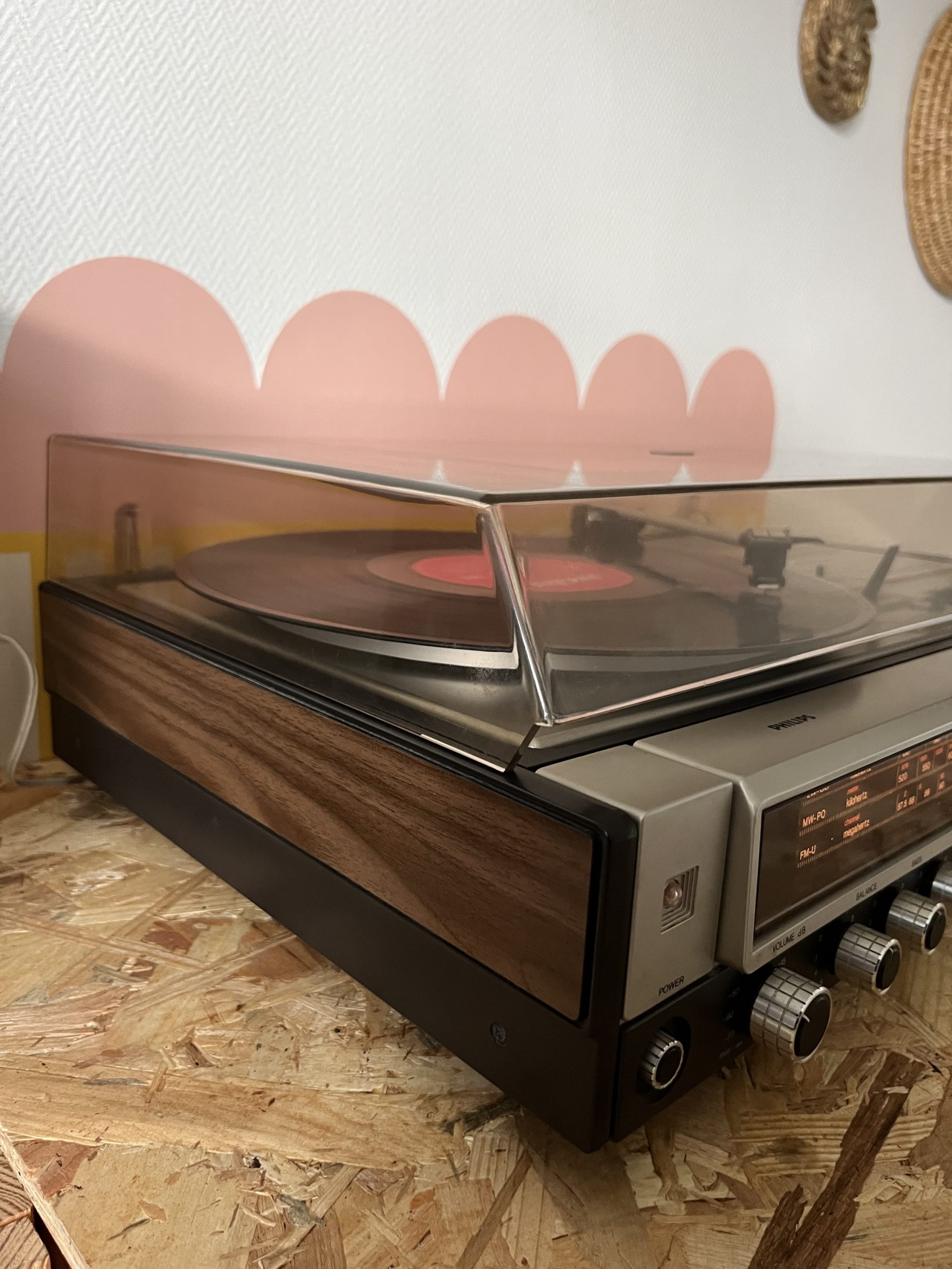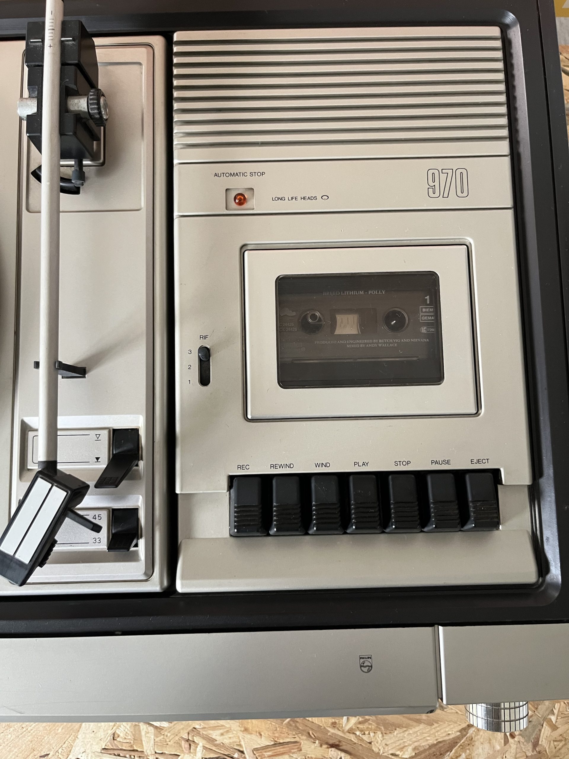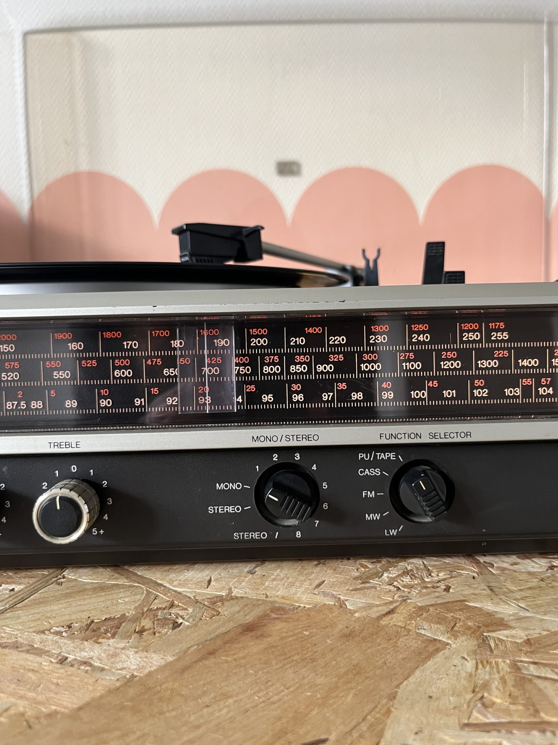 Testée, partie vinyle fonctionne parfaitement ( le diamant a été changé ), radio fonctionne parfaitement(très bonne sensibilité FM, un point fort de Philips à l’époque), partie cassette, le son n’est pas régulier (vague, son monte et descend) à faire réviser par un professionnel.
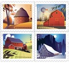 Sheet Of 20 Usps Post Card Stamps Featuring Barns
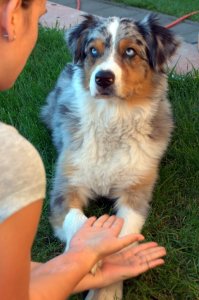 Ismét “touch”-ot kértem Jammtól, ami abból áll, hogy vagy az orrával, lábával meg kell érinteni azt, amit szeretnék, jelen esetben nem szerettem volna, ha a nyálas fejével tapogatja a tenyerem, bár elég sokszor ezzel szembesültem…
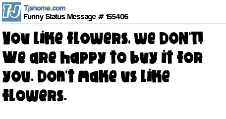 X says You like flowers, we DON'T! We are happy to buy it for you. Don't make us like flowers.
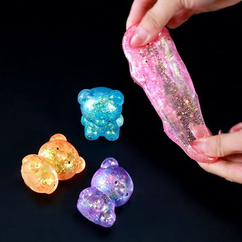 JO Hot-Selling Mini Aurora Maltoon Glitter Squeeze Bear TPR Stress Relief Ball with Slow Rebound & Pinch Features for Children
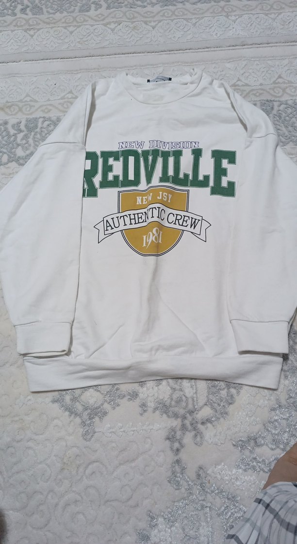 Beyaz pamuklu sweatshirt, bisiklet yaka, uzun kollu ve bol kesimdir. Üzerinde baskı ve fırfır detayları bulunur. Günlük kullanıma uygundur.
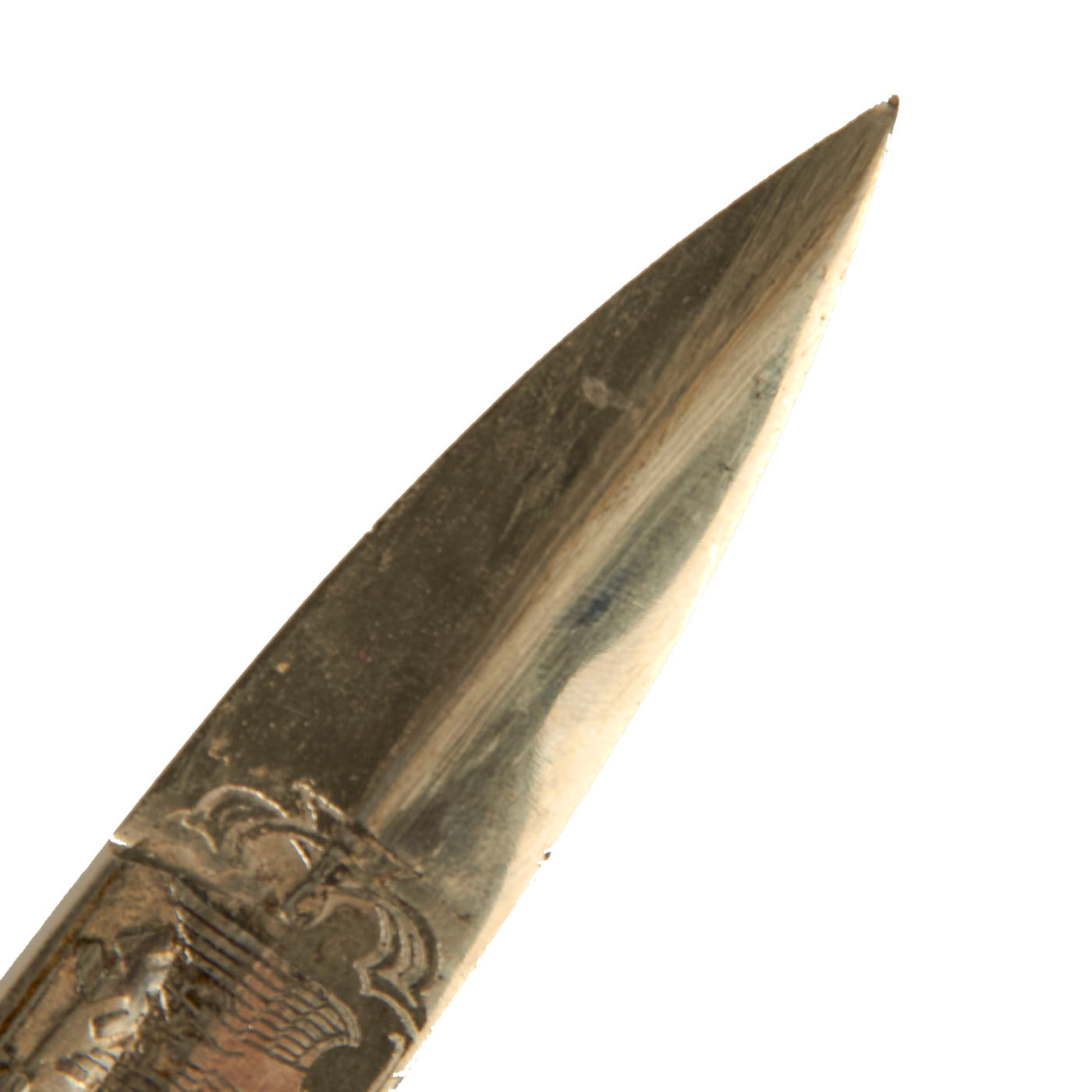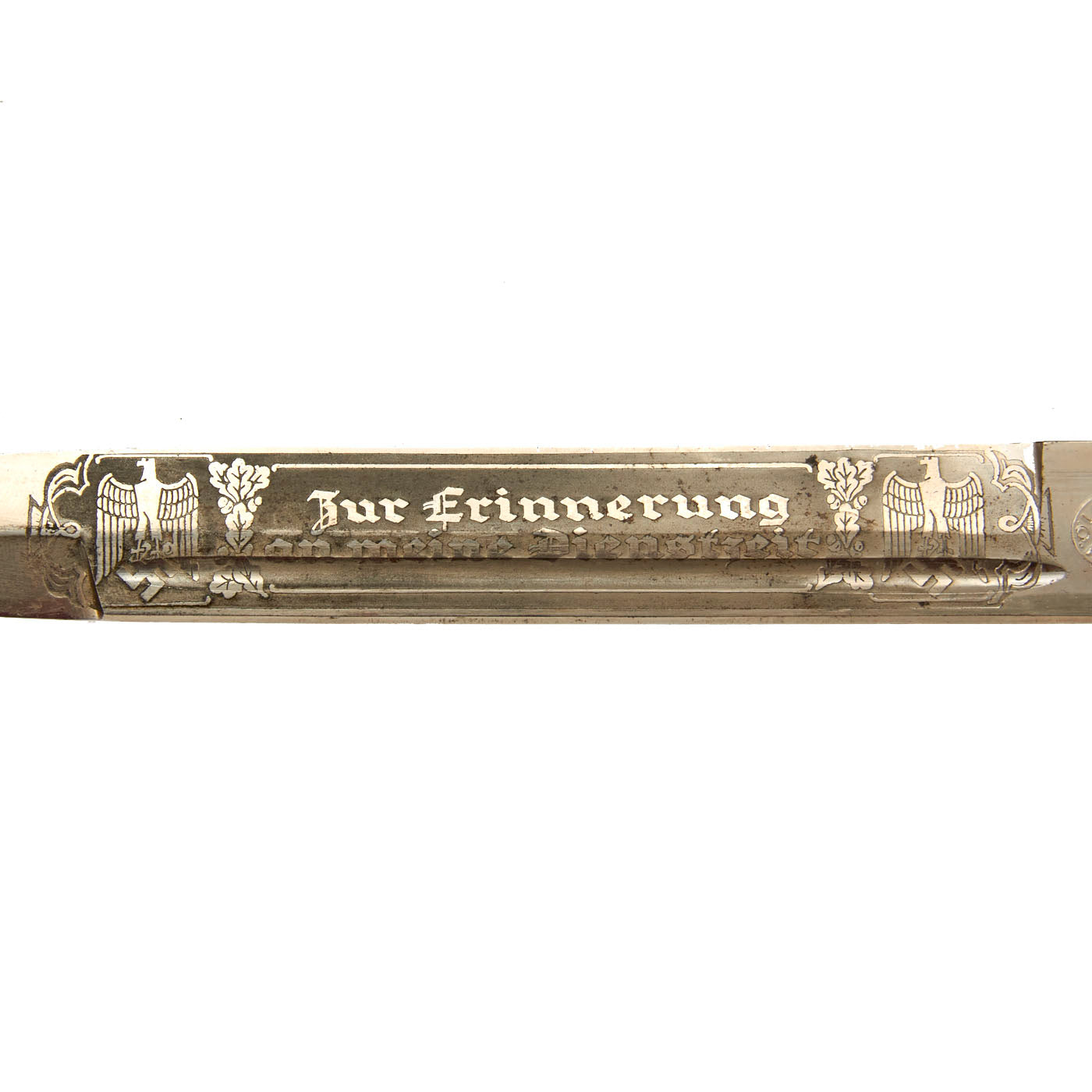 Measuring 13.5" (345 mm) with the scabbard on, this dress bayonet features a 7 3/4" (200 mm) nickel-plated steel blade with unsharpened edges, remaining bright and crisp. It is engraved Zur Erinnerung an meine Dienstzeit (In Memory of my Service Period) on the obverse of the blade, flanked by two Army (Heer) eagle insignias on the left and the right, the type and insignias each separated by clusters of oak leaves, with full length fullers on both sides.
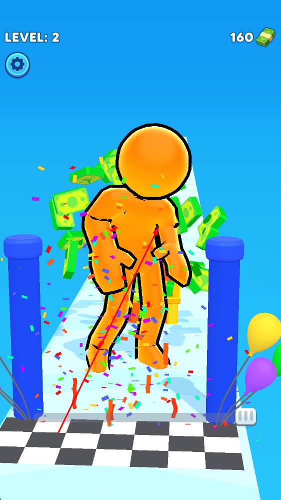 1、比例调整核心玩法:通过轻触屏幕调整角色大小比例,使其适应关卡中的障碍物,以合适形态奔跑穿越,这一独特机制贯穿所有关卡挑战。
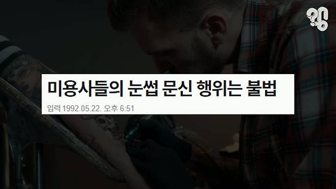 문신이 불법이 된 건 사실상 1992년 대법원 판결 이후부터다. 당시 대법원은 비의료인의 문신 시술을 '의료행위'로 보고 사실상 의료법 위반으로 천명했다. 시술 도중 침 등을 사용하기 때문이다.
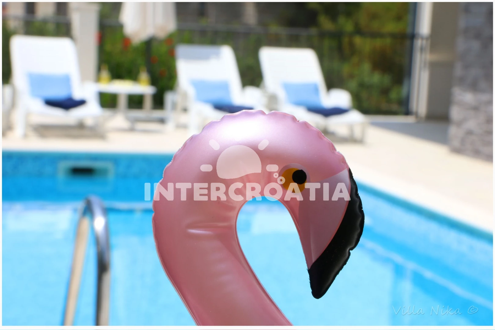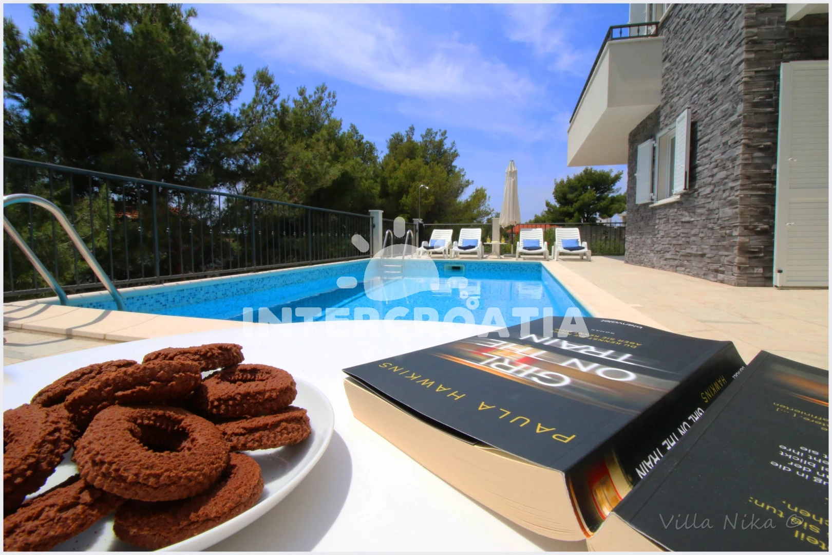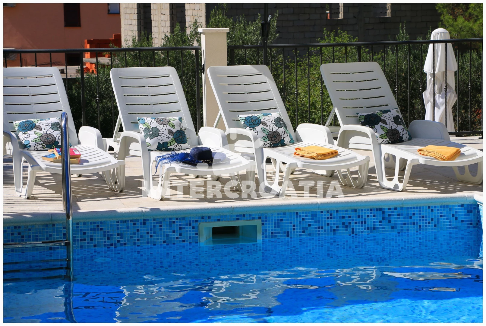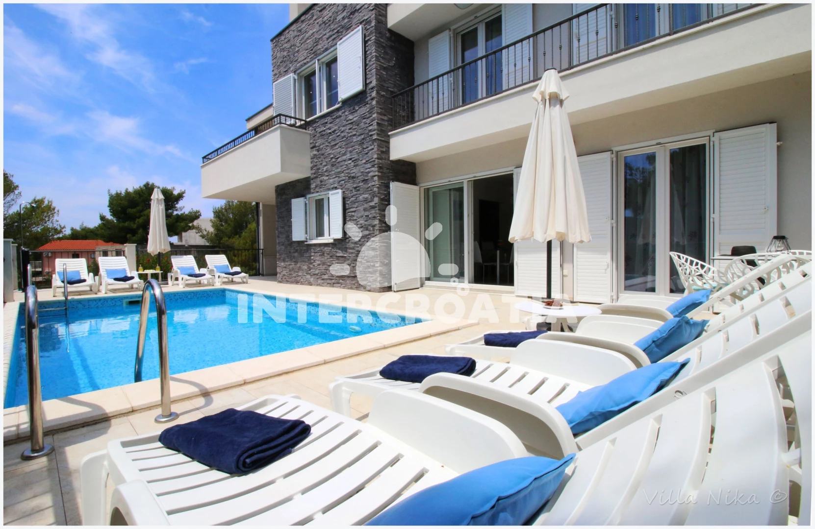 Apartmán se nachází 950 m od moře a pláže. Pláž je oblázková a větší kamení. Apartmán disponuje bazénem s lehátky pro ubytované hosty. U objektu je k dispozici společná zahrada s posezením a grilem. Parkování je před domem.
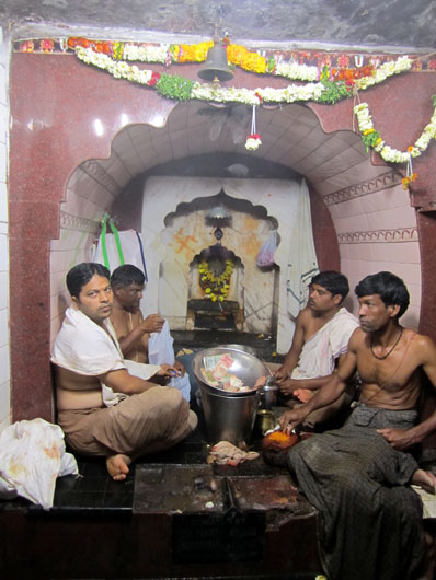長く暗い洞窟を歩ききると、最後に4人の僧侶に守られた小さなナラシンハ寺院にたどり着いた。僧侶の一人から眉間にクムクム(ヒンドゥー教の赤い印)を塗ってもらうと、ちょうど四国のお遍路でご朱印をいただいた時と同じような心持ちがした。
· · · · ·
**What to work on**
Ignoring the pictures, write out word for word only the lines from the one containing "X says You like" through the last line of the data, both ends included.

**Exercise solution**
 X says You like flowers, we DON'T! We are happy to buy it for you. Don't make us like flowers.
 JO Hot-Selling Mini Aurora Maltoon Glitter Squeeze Bear TPR Stress Relief Ball with Slow Rebound & Pinch Features for Children
 Beyaz pamuklu sweatshirt, bisiklet yaka, uzun kollu ve bol kesimdir. Üzerinde baskı ve fırfır detayları bulunur. Günlük kullanıma uygundur.
 Measuring 13.5" (345 mm) with the scabbard on, this dress bayonet features a 7 3/4" (200 mm) nickel-plated steel blade with unsharpened edges, remaining bright and crisp. It is engraved Zur Erinnerung an meine Dienstzeit (In Memory of my Service Period) on the obverse of the blade, flanked by two Army (Heer) eagle insignias on the left and the right, the type and insignias each separated by clusters of oak leaves, with full length fullers on both sides.
 1、比例调整核心玩法:通过轻触屏幕调整角色大小比例,使其适应关卡中的障碍物,以合适形态奔跑穿越,这一独特机制贯穿所有关卡挑战。
 문신이 불법이 된 건 사실상 1992년 대법원 판결 이후부터다. 당시 대법원은 비의료인의 문신 시술을 '의료행위'로 보고 사실상 의료법 위반으로 천명했다. 시술 도중 침 등을 사용하기 때문이다.
 Apartmán se nachází 950 m od moře a pláže. Pláž je oblázková a větší kamení. Apartmán disponuje bazénem s lehátky pro ubytované hosty. U objektu je k dispozici společná zahrada s posezením a grilem. Parkování je před domem.
長く暗い洞窟を歩ききると、最後に4人の僧侶に守られた小さなナラシンハ寺院にたどり着いた。僧侶の一人から眉間にクムクム(ヒンドゥー教の赤い印)を塗ってもらうと、ちょうど四国のお遍路でご朱印をいただいた時と同じような心持ちがした。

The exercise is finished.